Feminist Tellings 1: Sustainable Ways of Knowing
In two, linked roundtables sponsored by the AAAS Feminisms Section, we explore diverse ways of being, knowing, and speaking in the academy that are rooted in Asian American and other feminist traditions. To tell is to manifest experience and knowledge in forms (potentially) legible to others; telling is at the core of what we do as scholars, teachers, and activists. We offer a series of 5-7 minute "tellings" that are scholarly or research-based, and/or creative or reflective tellings that represent other areas of our lives, for example, our artist, activist, organizer, survivor, and mentor/mentee selves. We are inspired by feminist-of-color modes of telling, such as Maxine Hong Kingston’s “talk-story,” a vital way of knowing through story, and Audre Lorde’s powerful “transformation of silence into language and action.” We also bear in mind chimeric modes of listening and interpreting, such as Trinh T. Minh-ha’s observation that there is a “magical” quality to stories that reveal; Mira Shimabukuro’s urging that we “attend to” circumstances in which stories are told; and the visioning-healing encouraged by Mimi Khúc’s collaborative “Asian American Tarot.” We recognize the need for theories, vocabularies, values, and collaborations that accept our embodied experience as not only legitimate but vital. Together we take stock and envision: How do we arrive in our present moment intellectually, creatively, spiritually, and ethically as Asian American(ist) feminist scholars? How do our myriad genealogies shape our values and approaches, career paths, and ultimately, tellings to the world? How might we turn lessons arising from our exploration into a sustainable path forward in (relation to) academia?

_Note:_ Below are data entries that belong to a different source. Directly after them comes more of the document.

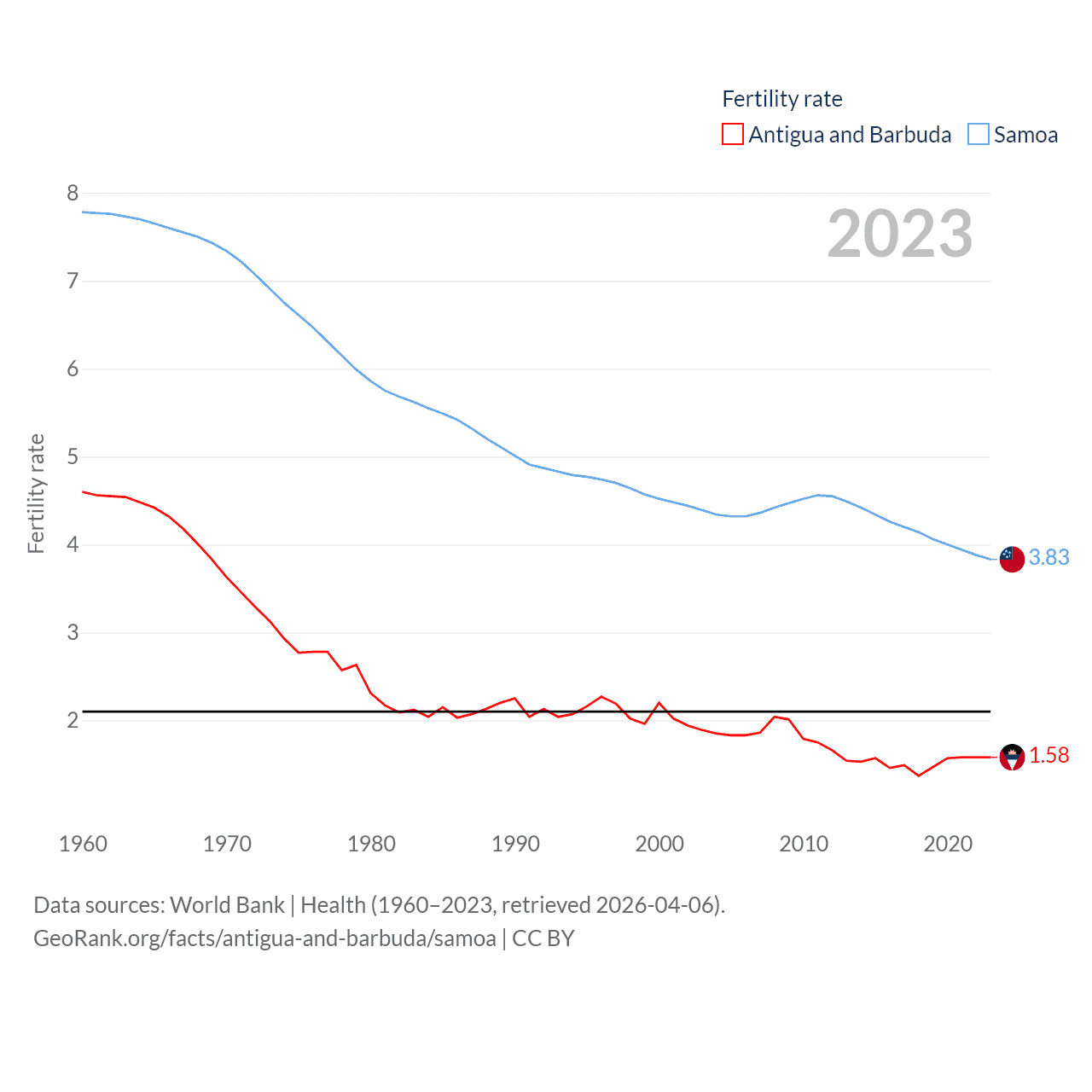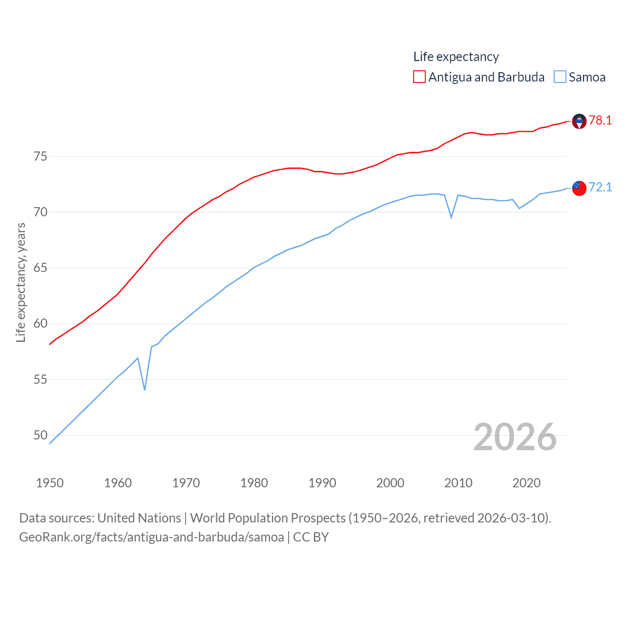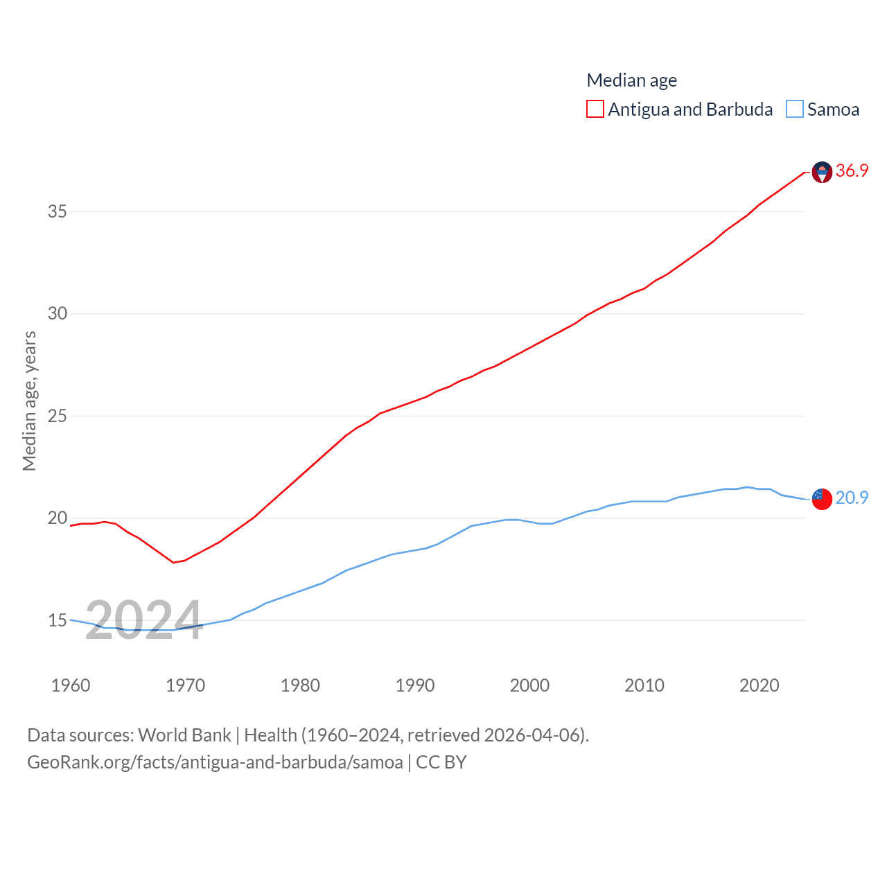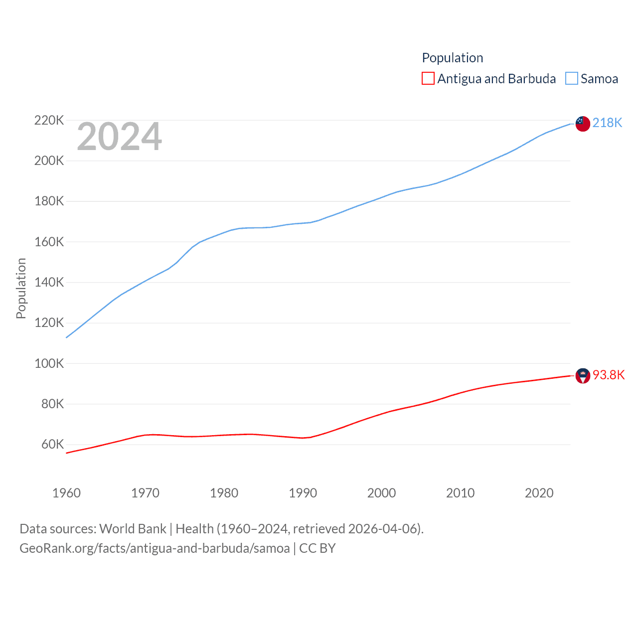 Antigua and Barbuda has a population of 93.8K (ranked 185/197), compared with 218K in Samoa (ranked 177/197). Antigua and Barbuda's land area is 169.9 sq mi versus 1,073 sq mi for Samoa (ranked 183rd vs. 168th).
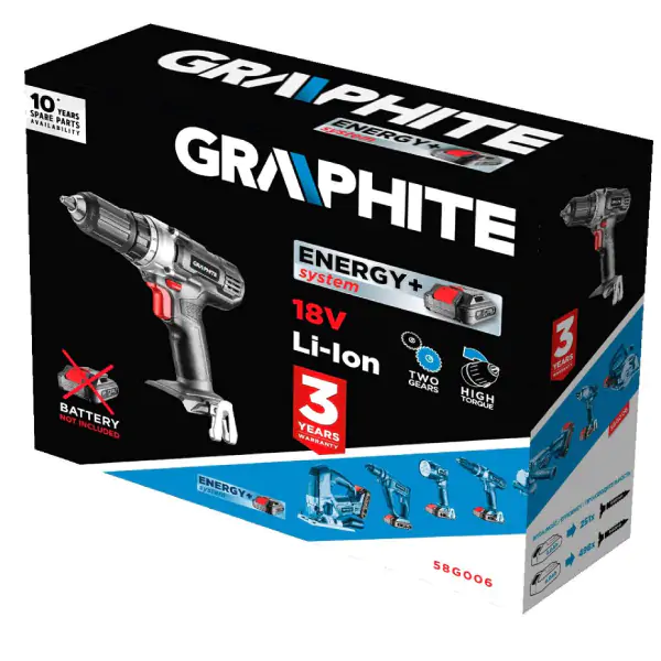 • GRAPHITE akumulatorska bušilica, kompatibilna sa 18V Li-Ion ENERGY+ sistemom, kombiniuje snagu, preciznost i izdržljivost u kompaktnom dizajnu. Dvobrzinski planetarni prenos (350 o/min za prvu i 1250 o/min za drugu brzinu) omogućava prilagodljivost različitim materijalima, dok maksimalni obrtni moment od 35 Nm (meko) / 55 Nm (tvrdo) i 19-stepeno kvačilo sa opcijom bušenja garantuju potpunu kontrolu prilikom uvrtanja. Stezna glava bez ključa prihvata pribor prečnika 2–13 mm, a električna kočnica motora i automatska blokada vretena povećavaju bezbednost i efikasnost. Integrisano LED svetlo automatski osvetljava radnu zonu, dok ergonomski oblikovana, protivklizna drška obezbeđuje udoban i siguran hvat. Sa čeličnim planetarnim zupčanicima i kompaktnom konstrukcijom, ova bušilica je pouzdan partner za sve vrste ugradbenih i "uradi sam" projekata. Isporuka je bez baterije i punjača.
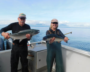 no need to drag your own up! We climbed aboard the boat and headed to start our day catching halibut. The slot limit on halibut this year was 38 inches or less, about a 30-pound halibut. We caught plenty of halibut both over and under the slot, and in less than an hour we had our 3 fish limits. Next up was salmon, which was unusually slow. Normal condition, Coho salmon were in abundance in mid-August, but the last 2 years has been unusual in south east Alaska. It could have something to
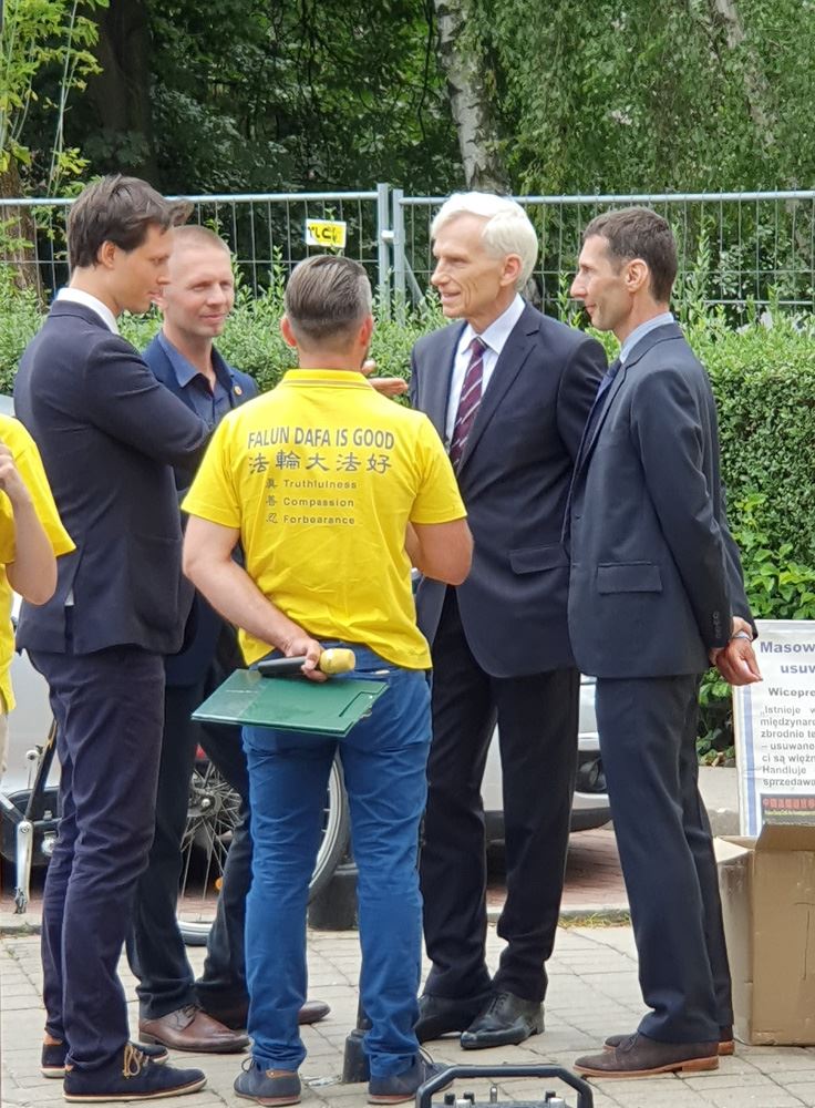 波兰议员Marcin Święcicki先生到现场,与法轮功学员交谈许久,并发表讲话。
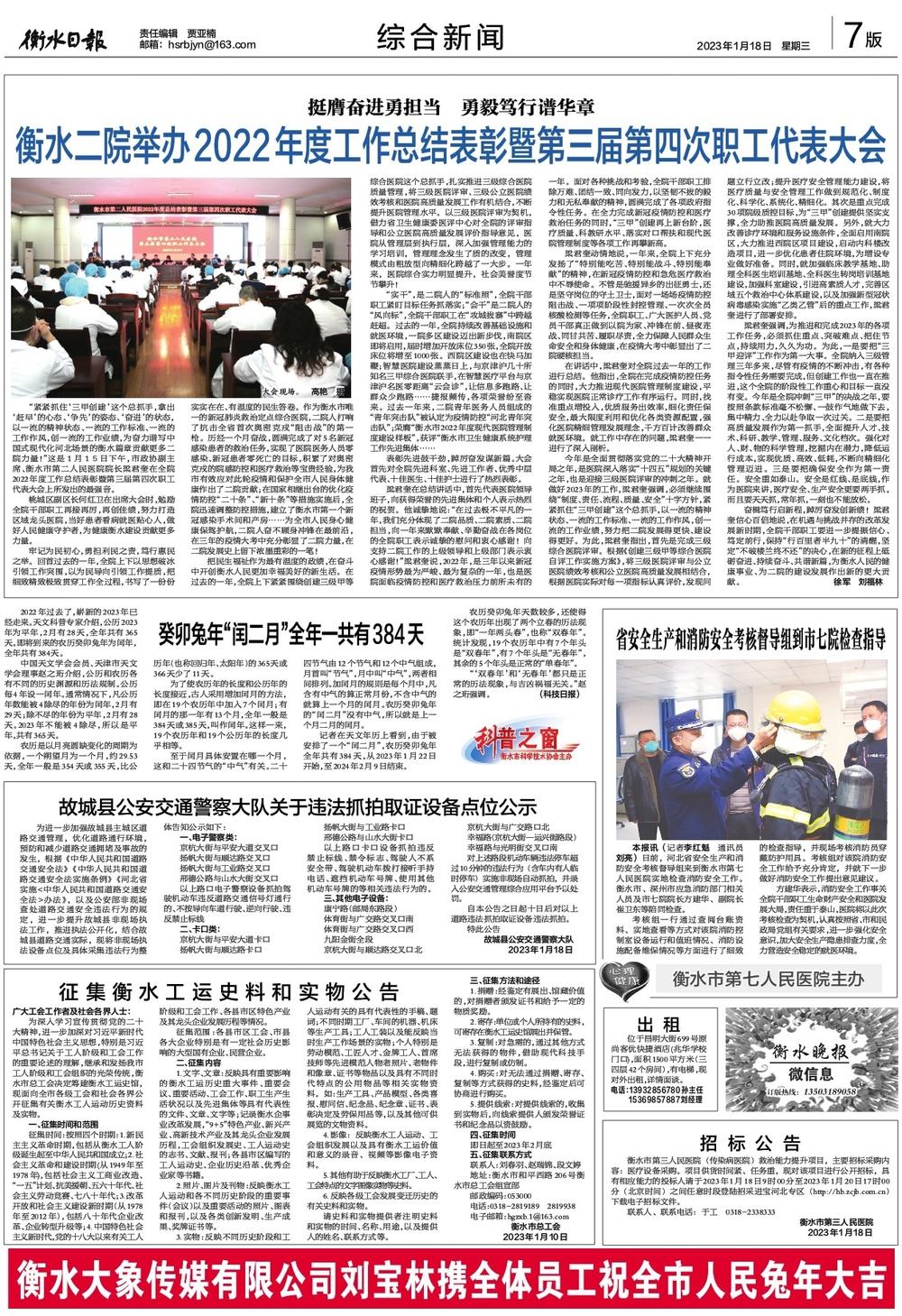 桃城區副區長何紅衛在出席大會時,勉勵全院干部職工再接再厲,再創佳績,努力打造區域龍頭醫院,當好患者看病就醫貼心人,做好人民健康守護者,為健康衡水建設貢獻更多力量。
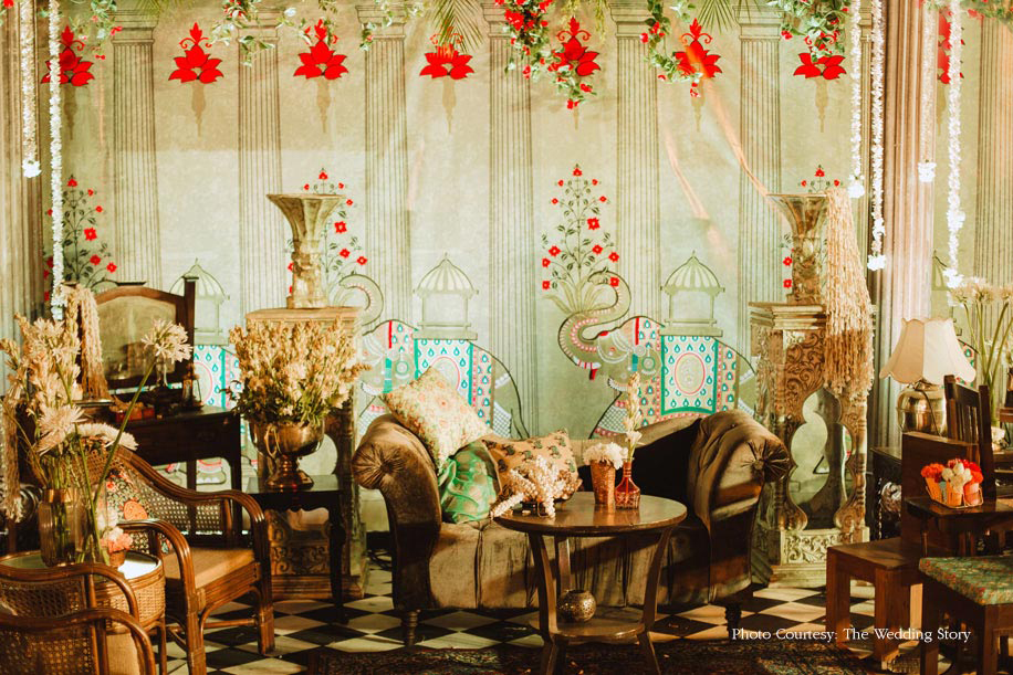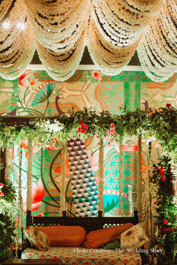 “The aesthetic at the wedding was that of a Modern Vintage drawing room with hints of a South Indian floral garden with kitschy Indian prints. We worked the most for this event’s detailing. Even the umbrellas for the baraat were printed with flamingoes.

In Feminist Tellings 1: Sustainable Ways of Knowing, we explore epistemologies, conceptual frameworks, methodologies, and styles of academic writing that are shaped by Asian American feminist thought and praxis. These tellings come from our experiences doing research as feminist scholars. Our tellings reflect unexpected lessons and convergences, reversals, disruptions, and reconceptualizations that arose as we developed frameworks consistent with our embodied experience and our intellectual, social, and political commitments. The panel is chaired by Mai-Linh Hong, who briefly introduces the linked sessions. Kylie Ching discusses collaboration and the co-constitution of knowledge, which entails decentering the scholar as a figure of authority. Lan Duong shares her retelling of Western feminist theory through the lens of refugee girlhood. Nadia Kim reflects upon her work with women-of-color environmental justice activists, whose practices of testimony and reciprocal care suggest a reconceptualizing of “citizenship.” Sandra So Hee Chi Kim discusses her trajectory as a scholar, educator, and community organizer, inspired by activists like Grace Lee Boggs and adrienne marie brown. Christine Peralta develops “Epistemologies of the Annoying” as a theoretical framework that arose from both embodied experience in academia and research on non-elite women’s intellectual history. Valerie Soe discusses the role of collaboration in her filmmaking about the Auntie Sewing Squad, a feminist-of-color mutual aid organization. May Yang offers refusal of legibility as an analytic to frame her work as an artist-scholar, drawing lessons from refugee women who feign incomprehension to refuse interrogation.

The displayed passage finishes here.